Johnny Worthen’s What Immortal Hand (Omnium Gatherum, October 2017) is one hell of a weird story. It’s the darkest horror I’ve read in a long time.
Michael Oswald stares into the Abyss. He’s already lost his wife, his home, his kids, and now he’s about to lose his job. He feels himself on a slippery slope sliding into nothingness. His self-destruction is nearly complete. He feels as if he has no past, no future. It’s as if time itself plays tricks on him. He loses hours, days, weeks, maybe even years.
He can’t remember his early childhood the way other people can. He can’t even remember half of what happened yesterday. To the world, Michael Oswald is a loser because he values none of the trappings of civilized society. Michael has always been different than others. He believes it’s because he was raised within the foster care system, a ward of the state. He’s had many names, a different last name each time he entered a new foster home, and he has no idea at all who he truly is, who his real parents are, or who raised him during those influential years from three to seven.

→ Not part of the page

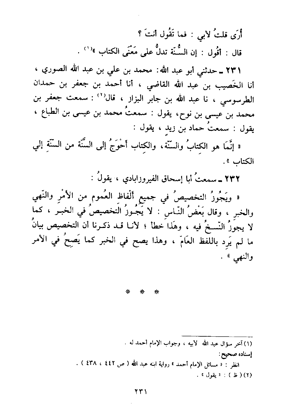 حَدَّثَنِي أَبُو عَبْدِ اللَّهِ مُحَمَّدُ بْنُ عَلِيِّ بْنِ عَبْدِ اللَّهِ الصُّورِيُّ , أنا الْخَصِيبُ بْنُ عَبْدِ اللَّهِ الْقَاضِي , أنا أَحْمَدُ بْنُ جَعْفَرِ بْنِ حَمْدَانَ الطُّرَسُوسِيُّ , نا عَبْدُ اللَّهِ بْنُ جَابِرٍ الْبَزَّازُ , قَالَ: سَمِعْتُ جَعْفَرَ بْنَ مُحَمَّدِ بْنِ عِيسَى بْنِ نُوحٍ , يَقُولُ: سَمِعْتُ مُحَمَّدَ بْنَ عِيسَى بْنِ الطَّبَّاعِ , يَقُولُ: سَمِعْتُ حَمَّادَ بْنَ زَيْدٍ , يَقُولُ: «إِنَّمَا هُوَ الْكِتَابُ وَالسُّنَّةُ , وَالْكِتَابُ أَحْوَجُ إِلَى السُّنَّةِ مِنَ السُّنَّةِ إِلَى الْكِتَابِ» سَمِعْتُ أَبَا إِسْحَاقَ الْفَيْرُوزَابَادِيَّ , يَقُولُ: وَيَجُوزُ التَّخْصِيصُ فِي جَمِيعِ أَلْفَاظِ الْعُمُومِ مِنَ الْأَمْرِ وَالنَّهْيِ وَالْخَبَرِ , وَقَالَ بَعْضُ النَّاسِ: لَا يَجُوزُ التَّخْصِيصُ فِي الْخَبَرِ , كَمَا لَا يَجُوزُ النَّسْخُ فِيهِ , وَهَذَا خَطَأٌ , لَأَنَّا قَدْ ذَكَرْنَا أَنَّ التَّخْصِيصَ بَيَانُ مَا لَمْ يَرِدْ بِاللَّفْظِ الْعَامِّ وَهَذَا قَدْ يَصِحُّ فِي الْخَبَرِ كَمَا يَصِحُّ فِي الْأَمْرِ وَالنَّهْيِ
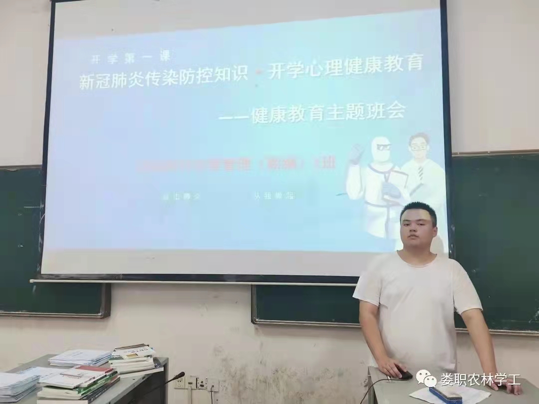 班长刘志林跟同学们强调校园疫情防控的各项注意事项,从学会正确洗手到科学选择口罩,从学习防控知识到关注防控形势,帮助同学们增强责任意识和防护意识。不仅如此作为大学生来说我们不仅要自我保护,隔离生理上的病毒,也要隔离心理上的病毒焦虑、抑郁、强迫等,为此刘志林向同学们普及了心理知识,让同学们更加了解了大学生的心理健康标准表现在哪方面,有利于认识心理健康的重要性,以积极的心态认识心理问题,同时主动寻找正确的途径解决问题。

Who is he? Where is he? When is he?
What is he?
All his life, it seems, Michael has been aware that there is a caste system—a natural order—at work in the world, even in democratic America. There’s always been haves and have-nots. There’s always been thugs who prey on Travelers. Some people deserve to die and need to be killed as a public service. But, in the end, all living things must die.
If God gives you lemons, get another god. Everyone is born of a Mother, isn’t he or she? And isn’t everyone reborn again and again?
Heh heh.
One hell of a weird story! Surreal and spellbinding. Johnny Worthen’s What Immortal Hand is the darkest tale I’ve read in a long time.